[291] in linux-net channel archive
Re: csum_partial_copyffs (1.3.0) loses big on Pentium
daemon@ATHENA.MIT.EDU (Matti E. Aarnio [OH1MQK])
Tue May 9 08:37:00 1995
From: "Matti E. Aarnio [OH1MQK]" <mea@mea.cc.utu.fi>
To: ftom@netcom.com (Tom May)
Date: Tue, 9 May 1995 13:16:50 +0300 (EET DST)
Cc: linux-net@vger.rutgers.edu
In-Reply-To: <199505090616.XAA12479@netcom7.netcom.com> from "Tom May" at May 8, 95 11:16:49 pm
> Hi,
>
> It looks like the new function csum_partial_copyffs() in the 1.3.0 net
> code is a win on a 486, but it is an extremely bad lose on a Pentium.
....
> And, if you paid any attention to those results, you may have noticed
> that the 486 is running the old code *FASTER* than the Pentium on the
> "mixed" and "large" packet tests. If anybody can explain what's going
> on, please do.
I do venture a guess that it is about pipeline stall.

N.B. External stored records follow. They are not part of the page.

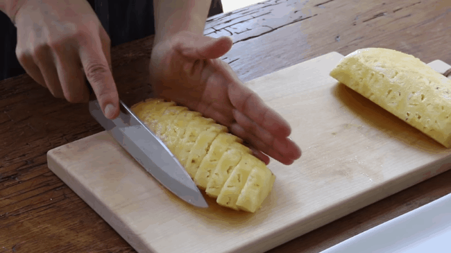 - Úp miếng dứa xuống rồi dùng dao cắt ngang các miếng dứa thành các miếng nhỏ vừa ăn.
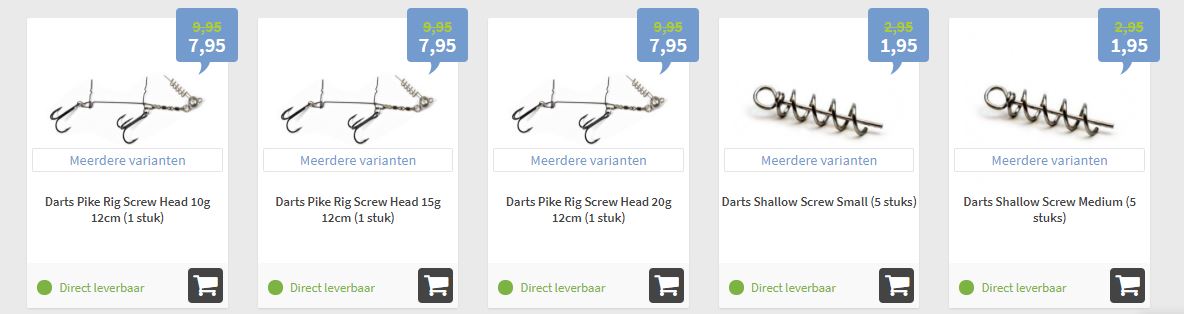 Allereerst wil de Visdealshop graag het merk Darts onder de aandacht brengen. Het Zweedse Darts is in Nederland nog niet heel bekend, maar het assortiment laat zien dat het een speler is om rekening mee te houden. De producten van hoge kwaliteit zijn geschikt voor de echte pro’s, maar de prijzen zijn zeer schappelijk. Denk aan haken, ratels, stingers en natuurlijk een groot kunstaaspakket! Je vind het hele assortiment HIER.
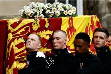 Ντυμένο κατά το βασιλικό πρότυπο της Σκωτίας, το φέρετρο πλαισιώθηκε από το Bearer Party από το Βασιλικό Σύνταγμα της Σκωτίας και συνοδευόταν από το The King’s Body Guard for Scotland (Royal Company of Archers). Τα παιδιά της Αυτής Μεγαλειότητας εντάχθηκαν στην Πομπή καθώς αυτό ανέβαινε το Βασιλικό Μίλι και η συγκίνηση ήταν διάχυτη.
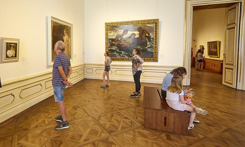 People view paintings at the Upper Belvedere in Vienna, Austria, on July 1, 2020. The Upper Belvedere reopened to visitors on Wednesday after a temporary closure due to the COVID-19 pandemic. (Photo by Georges Schneider/Xinhua)
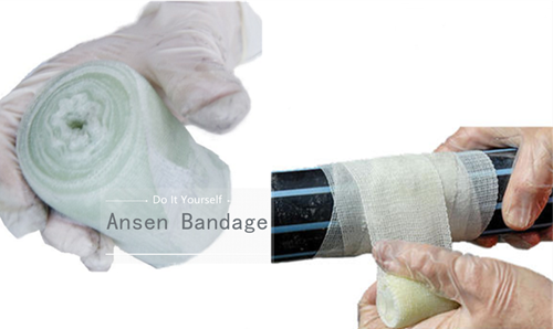 Ansen pipe repair bandage is a fast curing tape composed of flexible fiberglass mesh impregnated with water activated polyurethane resin. Our repair bandage is mainly used to repair, reinforce and protect oil, gas, water etc pipeline. It adheres to metal, plaster, pvc, copper, rubber, concrete, wood, ceramic etc. It can be applied on cracked, fractured, corroded, damaged and leaking pipes, around difficult shapes including straight lengths, tee and elbow joints.
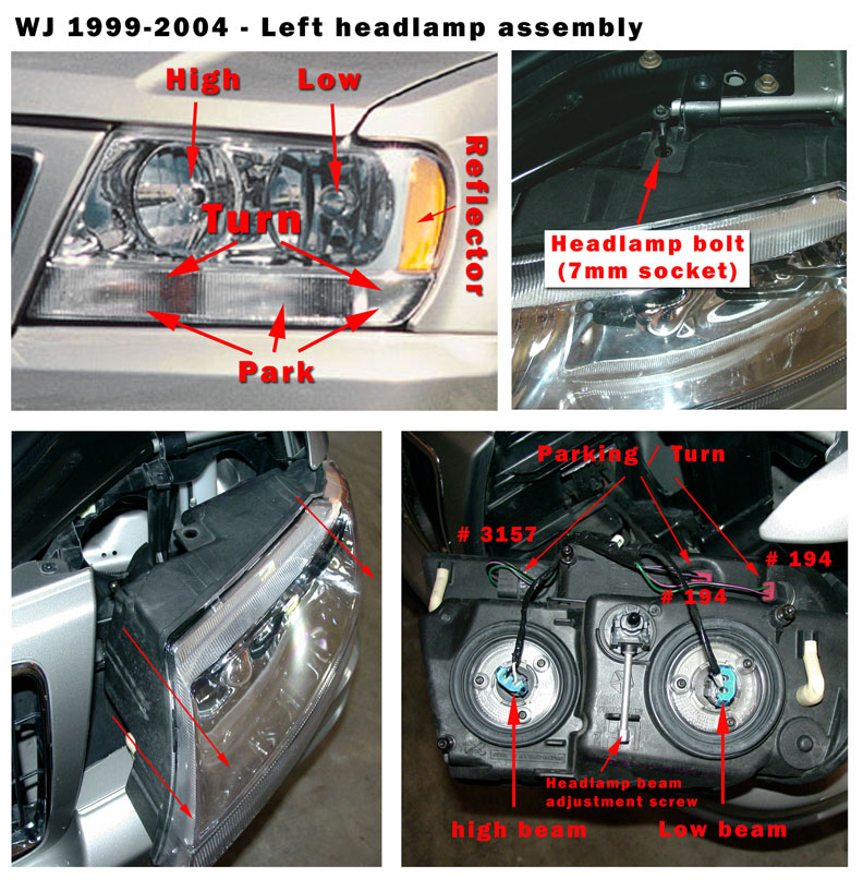 Courtesy light, front doors (# 192) Note: Lens cover = p/n 56005077 (left) and p/n 56005076 (right) The lens cover can be pryed off from the front with a small flat-blade screwdriver. However, at least for model years 2002-2003, the bulbs are part of the socket and must be removed from the back, inside the door panel. The door courtesy lights were eliminated starting with the 2004 model year. Removing the bulb is actually quite easy to do without having to remove the entire panel. 1. Remove one screw, the phillips screw located inside the door pull. 2. With a flat blade tool (like a hard plastic putty knife), pry the lower outside edge of the door panel up enough to unfasten the side trim clips, and perhaps one more in the bottom area. 3. Reach inside the door panel edge and remove the bulb/socket from the back of the housing (turn socket 1/4 turn counter-clockwise). Note: When pushing the side of the door panel back on make sure the clips are aligned with their holes.

That is, Pentium has two integer units, which share
common register file. Now if unit 1 is changing register
X, unit 2 must delay an instruction needing data from that
register, until data arrives there.
This is also why the original (it is still the same, I think)
bogomips-loop produces surprisingly low figures for Pentiums.
There is a prooven speed enchangement of adding a couple NOPs
to the loop so that P5 won't go to pipeline stall.
(but doing so must be matched in the microsec delay code!
However Linus has (apparently) decided against of doing such
a change on code, which does not affect system performance,
but would invalidate benchmarking between old and new versions.)
... but you Assembler Hackers knew this already, didn't you ?
> Sincerely,
> Tom.
/Matti Aarnio <mea@utu.fi>